The 2012 Ivorian coup attempt was a failed coup d'état by exiled military officers loyal to former president Laurent Gbagbo to overthrow President Alassane Ouattara's administration in the Ivory Coast. State security seized documents that outlined plans for the eventual overthrow and replacement of the democratically elected leader with a transitional military council.

== Plot ==
In a public interview to national television, Interior Minister Hamed Bakayoko accused pro-Gbagbo officers and former members of his administration of complicity in the plot to install a transitional military council, disclosing "We had very specific information that a group of officers in exile in Accra were preparing a military operation in Ivory Coast aimed at destabilizing the country." He then proceeded to play a recorded video where a group of uniformed men, led by a spokesman, proclaimed the dissolution of the Ivory Coast's institutions and the establishment of a council for national sovereignty. The spokesman, later identified as Colonel Kate Gnotua, announces in the video, "All state institutions are hereby dissolved. All political activities are suspended. A curfew has been put in place until further notice." The recorded video was intended to be broadcast to national television after the takeover.

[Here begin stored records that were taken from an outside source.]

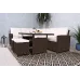 The Berlin Eight Seater Corner Dining Set is the perfect practical family dining set. It retains a classic style with a steel framework and hand woven flat synthetic rattan weave. It offers style, comfort, strength and durability. This set consists of a rectangular table, a three seater corner sofa, a three seater one arm sofa and 2x footstools with polyester cushions. This corner dining suite comes in a choice of black or brown rattan weave. You can even match this set with the rest of the Berlin range.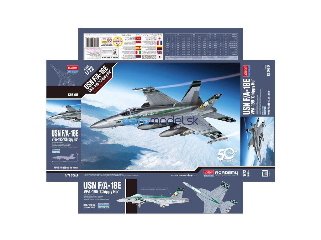 Academy 12565 - McDonnell F/A-18E USN VFA-195 Chippy Ho plastikový model v mierke 1:72 na zlepenie.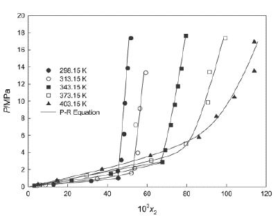 La solubilidad de los gases en líquidos se puede modelar utilizando la ecuación de PR, como es el caso de la solubilidad mutua del CO2 y el agua [27]. Investigaciones previas muestran la modificación del parámetro de interacción binaria (BIP) incluyendo una nueva función alfa, a la cual se determinó que la precisión para la presión de vapor del líquido es mayor [28,29]. La constante de Henry tiene el objetivo de determinar la solubilidad del propano en la fase acuosa, por ello, la ecuación de PR es implementada para caracterizaciones de la fase no acuosa en el sistema binario. La ecuación cubica de PR no es un modelo que se encuentra en función a , por lo cual, se puede determinar la solubilidad del componente por medio de modificaciones en sus parámetros de interacción binaria (BIP). Es importante aclarar que los datos de solubilidad entre propano (2) + NFM (1) y propano (2) + sulfolano (1) fueron correlacionados por PR sin modificación alguna en sus parámetros; sin embargo, si se realiza esta modificación a estos sistemas, se espera que la presión de vapor de NFM y sulfolano sea mayor en el rango completo de temperatura de 298,15 a 343,5 K.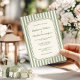 Con esta elegante invitación le traerá un toque refinado y actual a su papelería boda. Las franjas verticales de color verde sabio suave enmarcan una frontera vintage hecha a mano, creando una estética tranquila y lujosa de dinero viejo que es tendencia para celebraciones de jardines y clubes de campo. Siéntase libre de editar toda la redacción y personalizar el color del fondo para que se ajuste a su tema.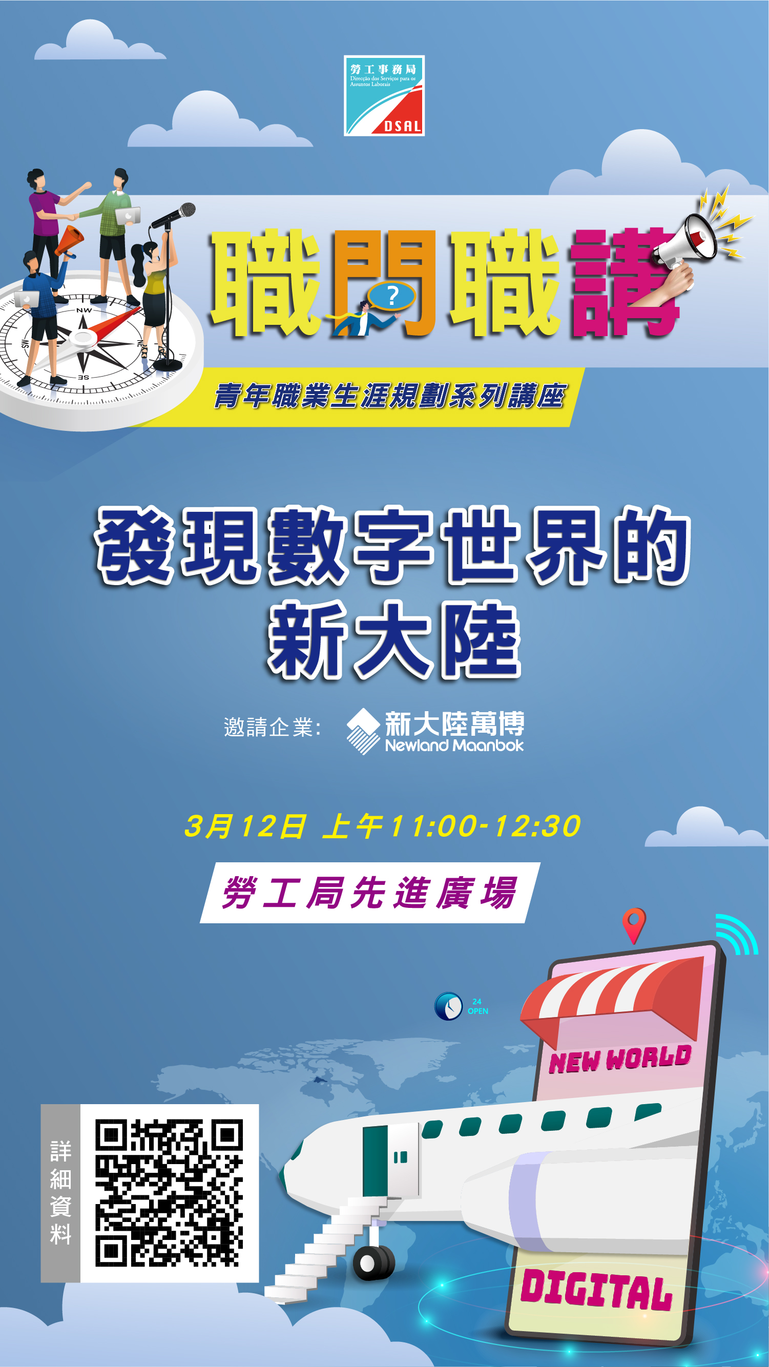 為協助澳門青年探索新產業發展前景、開拓多元就業發展空間及做好就業準備,勞工事務局將於2022年3月12日舉辦題為“發現數字世界的新大陸”行業講座,邀請相關企業資深代表講解,主要介紹澳門電子支付發展、相關人才發展前景及職位需求,並即場回答青年對有關行業前景和擇業方面的查詢。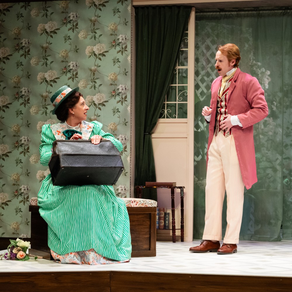 • Miss Prism: Jonelle Jordan delighted the audience in a role that felt perfectly in her wheelhouse as Miss Prism evoking the same Austen-esque charm she brought to Sense and Sensibility. Her feigning flirtations with Reverend Chasuble (played by Nik Doner) were a joy to watch, especially the little moments when she exclaimed a subtle yelp when encountering a simple stair step. This prompted the ever-gallant reverend to offer his arm. Gurl was thirsty!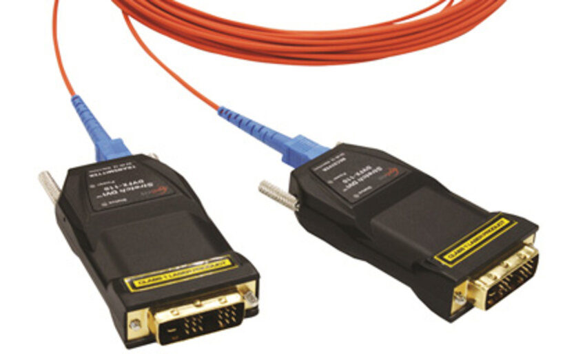 Das DVFX-110 überträgt Daten über eine einzige Glasfaserleitung mit SC-Stecker und kann mit Single-Mode bis zu 1500m bzw. Multi-Mode bis zu 500m betrieben werden. Die EDID-Daten werden über DDC aus einem lokalen, im Transmitter befindlichen EEPROM gelesen. Der Inhalt dieses EEPROMs wird durch die "Auto-Programmierung" bei der Inbetriebnahme einmalig aus dem Monitor ausgelesen. Die Größe der Module ist handlich, die rein optische Verbindung erlaubt eine galvanische Isolation zwischen Quelle und Display. Zwei AC/DC Adapter werden mitgeliefert, um je nach Verfügbarkeit der Versorgung flexibel zu sein.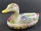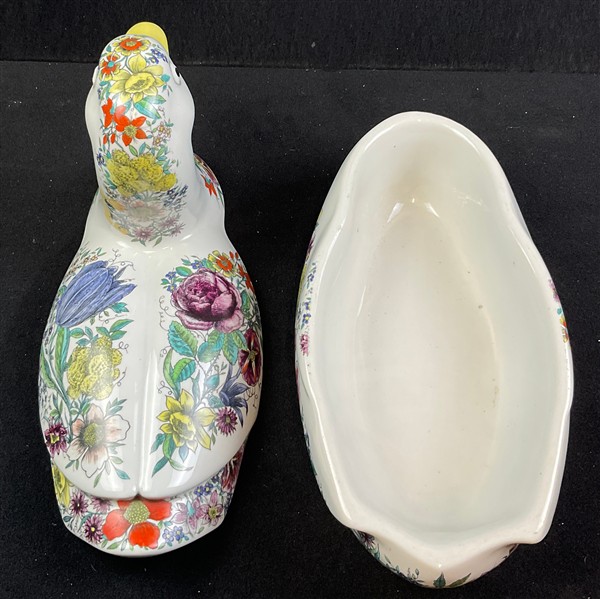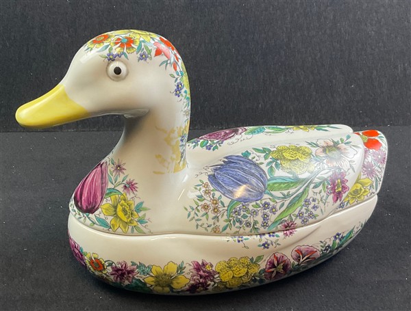 Zuppiera "Anatra Fiorata" in ceramica decorata a fiori policromi. Milano, fine anni '50/inizio anni '60. Marcata e titolata sotto la base. (cm 36x27x18)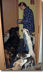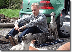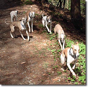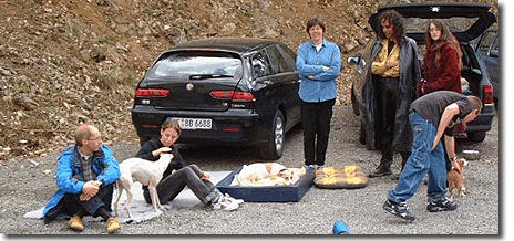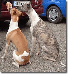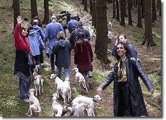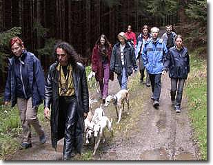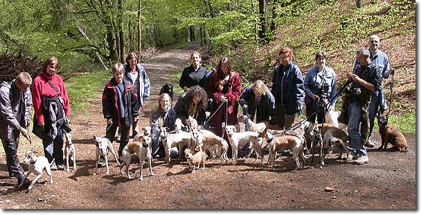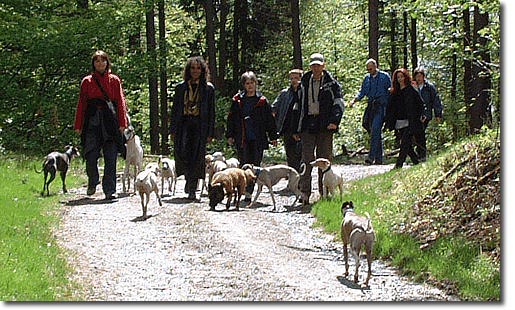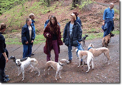 Am 1. Mai trafen sich 23 Whippets, ein Greyhound, ein Hovawart, ein Podengo Portugues Pequeno, eine Luka und ihre Menschen zum Mai-Spaziergang in Gummersbach. Nachdem es am Vortag wie aus Eimern geschüttet hatte, benahm das Wetter während des Treffens eingiermassen, so dass die Hunde ausgiebig Gelegenheit zum Toben hatten. Anschliessend gab´s Speis´und Trank für Zwei- und Vierbeiner, was alle ziemlich müde und satt zurückließ ;-) | ![]() |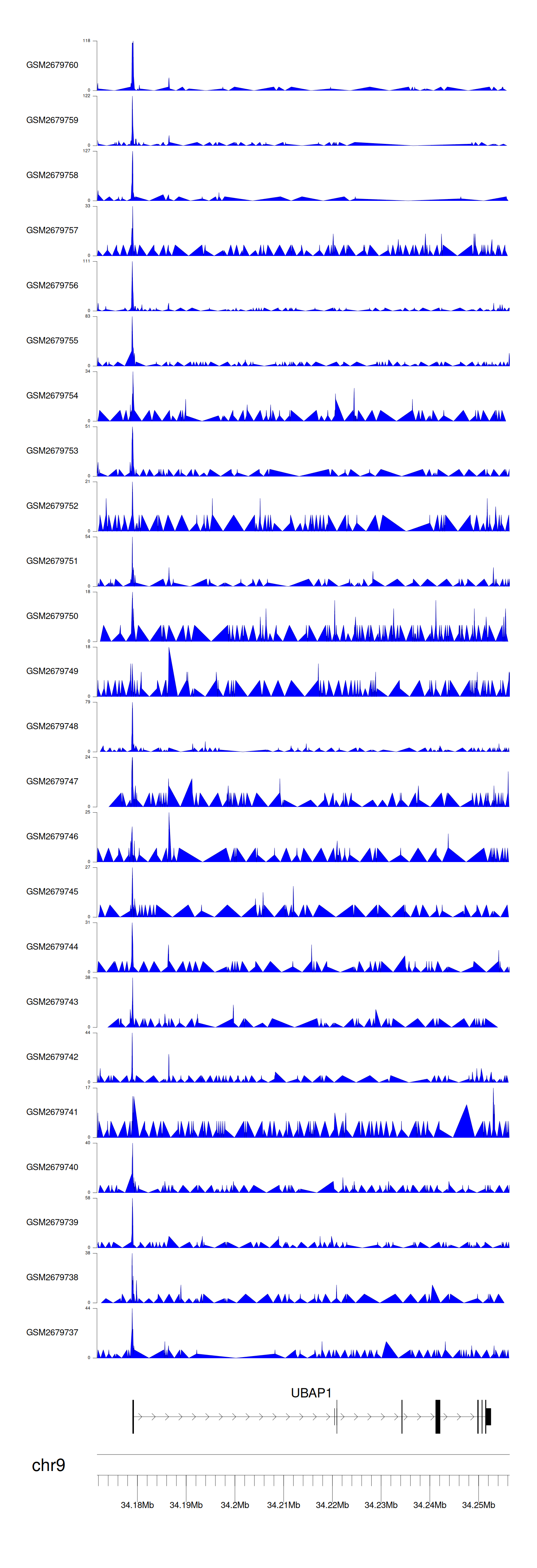 > Dataset: GSE100376 - UBAP1 peak across samples
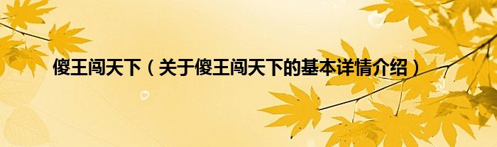 本文关于傻王闯天下的基本详情介绍就讲解完毕,希望对大家有所帮助。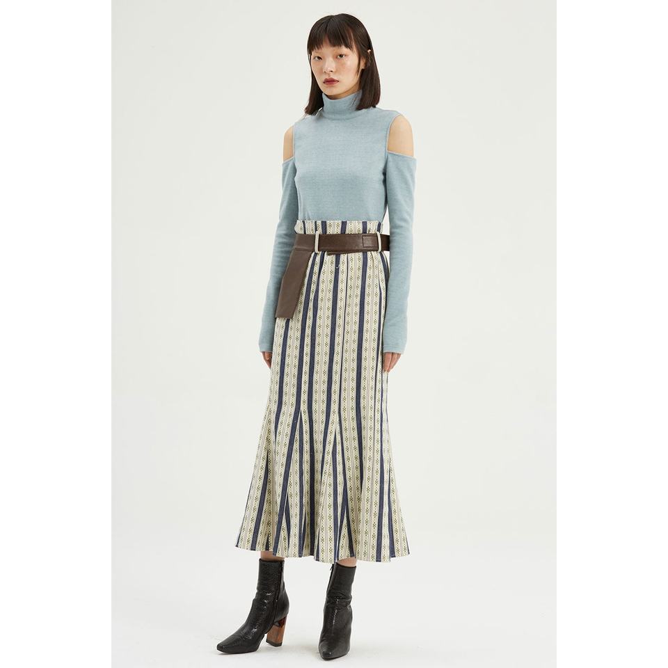 TD Women's Old-Fashioned Blue Jacquard Pleated Skirt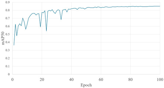 The mean Average Precision (mAP) was used to evaluate the performance of the object detection models [37]. mAP was calculated from the Average Precision (AP), which was obtained by integrating the curve of a graph plotting the percentage of correct responses on the vertical axis and the detection rate on the horizontal axis. If r is the value of Recall and Precision(r) as the corresponding accuracy rate, the AP is expressed by Equation (3). The mAP is obtained by averaging the AP by the label class. If C is the number of label classes and is the value of AP for label class i, mAP is expressed by Equation (4). The Intersection over Union (IoU) measures the degree of agreement between the predicted region and the correct region and is expressed on a scale from 0 to 1. The closer the value is to 1, the more accurate the prediction. mAP50 is an index that sets the threshold value to 0.5 or higher. Figure 11 shows a graph of the mAP50 for the results of this study. Figure 11 shows that mAP50 increased as training progressed. This indicated that the accuracy of the detection model improved with repeated training. As a mAP of 80% or higher is generally recognized as having sufficient accuracy [11,38], the discrimination accuracy of this training model is high.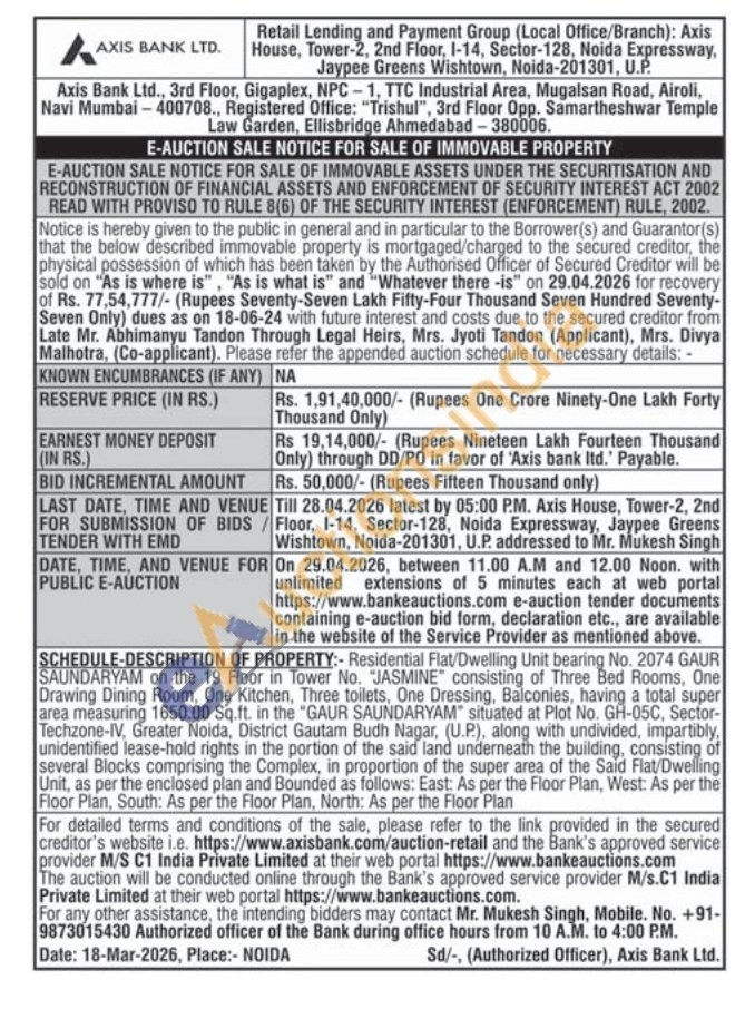 SCHEDULE-DESCRIPTION OF PROPERTY:- Residential Flat/Dwelling Unit bearing No. 2074 GAUR SAUNDARYAM on the 19 Floor in Tower No. "JASMINE" consisting of Three Bed Rooms, One Drawing Dining Room, One Kitchen, Three toilets, One Dressing, Balconies, having a total super area measuring 1650.00 Sq.ft. in the "GAUR SAUNDARYAM" situated at Plot No. GH-05C, Sector-Techzone-IV, Greater Noida, District Gautam Budh Nagar, (U.P.), along along with undivided, divided, impartibly, unidentified lease-hold rights in the portion of the said land underneath the building, consisting of several Blocks comprising the Complex, in proportion of the super area of the Said Flat/Dwelling Unit, as per the enclosed plan and Bounded as follows: East: As per the Floor Plan, West: As per the Floor Plan, South: As per the Floor Plan, North: As per the Floor Plan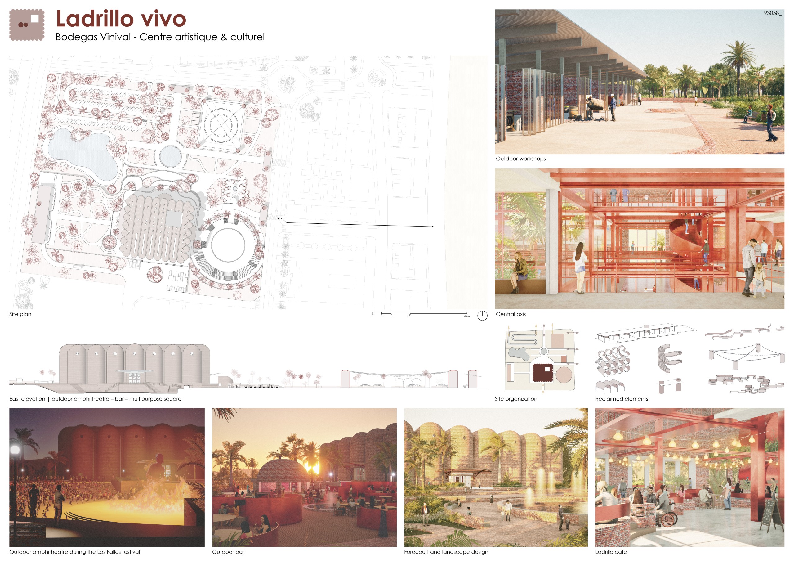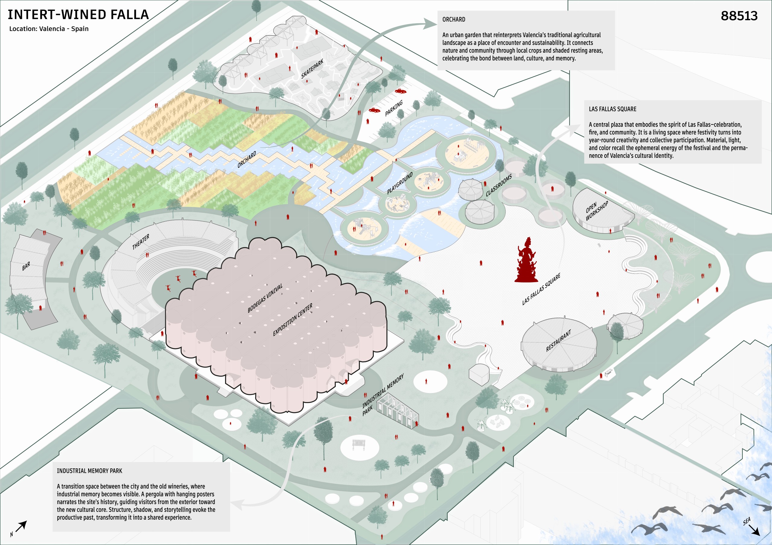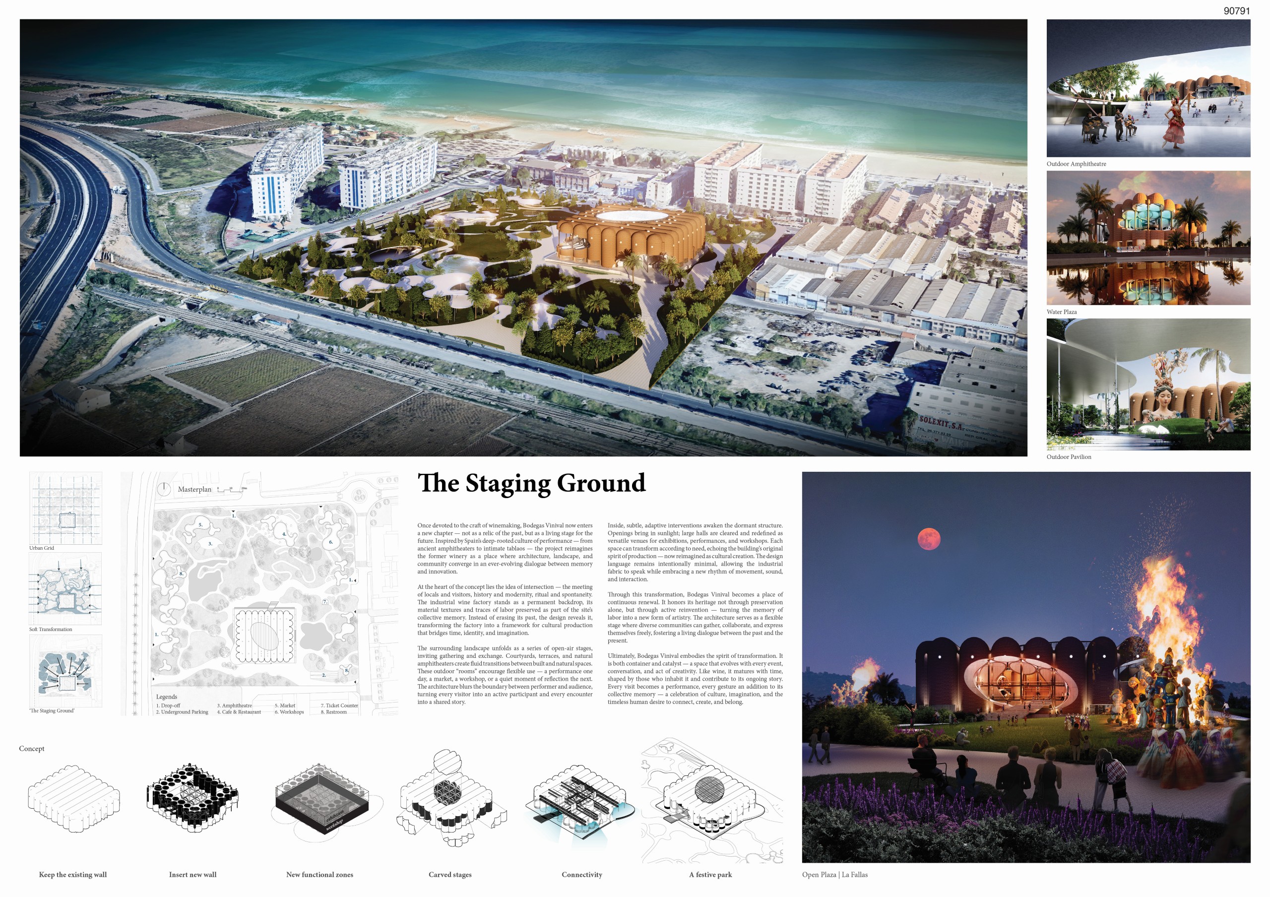 The public space is structured into three sectors aligned along thenorth-south axis, unified by a perimeter circuit that gives rise to different shaded and resting areas. On the western elevation, facing the orchards, vegetation dominates, recognizing existing species while incorporating native plants. Towards the east, facing the see and the city, the space takes on a recreational character and incorporates reflective water features that evoke dialogue with the sea. At the northern end, the bonfire is located, serving as the stage for the ritual act of burning, conceived as a contemplative plaza. Acontinuous platform connects the winery with this space, beneath which a lower level is developed for gatherings andfire ceremonies. Surrounding this core are workshops, a cafe, and exhibition niches that reinterpret the formal language of the old wineries, housing fallas or their remnants.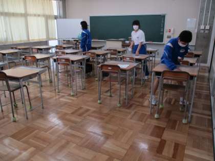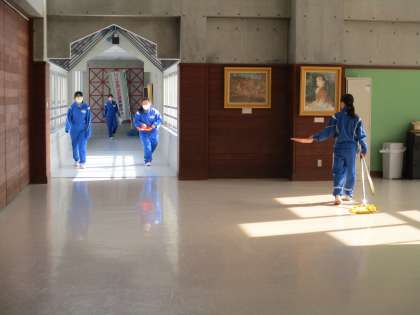 4月15日(月) たてわり班清掃 公開日 2024/04/16 更新日 2024/04/16 できごと 鬼石中学校では,学年問わずたてわり班で清掃しています。先週は学年毎に各フロアーを清掃していましたが,今週からは各学年1,2人ずつ4,5人の班で校内のいろいろな場所をローテーションで清掃していきます。初日の今日は,3年生が指示を出し,班で協力して清掃に取り組んでいました。

Among the alleged leaders of the foiled coup plot were Moise Lida Kouassi, former defense minister and key ally of Laurent Gbagbo, and Colonel Kate Gnotua, former senior officer in Gbagbo's presidential guard. Kouassi later had a falling out with Kate Gnotua.

The coup plot involved a combination of Liberian mercenaries and Ivorian militias, with ties to Gbagbo's loyalists. The coup attempt was linked to recent violence, including the killing of seven UN peacekeepers, and involved elements from Gbagbo's presidential guard.

In the end several of the coup plotters were arrested, including Kate Gnatoa and Kouassi, who acknowledged awareness to the plot, admitting "The documents that were seized during my arrest at my house in Lome did concern a transition and a crisis communication in Ivory Coast." He expresses regret for not informing the authorities sooner and indicated willingness to seek forgiveness from the president for his inaction.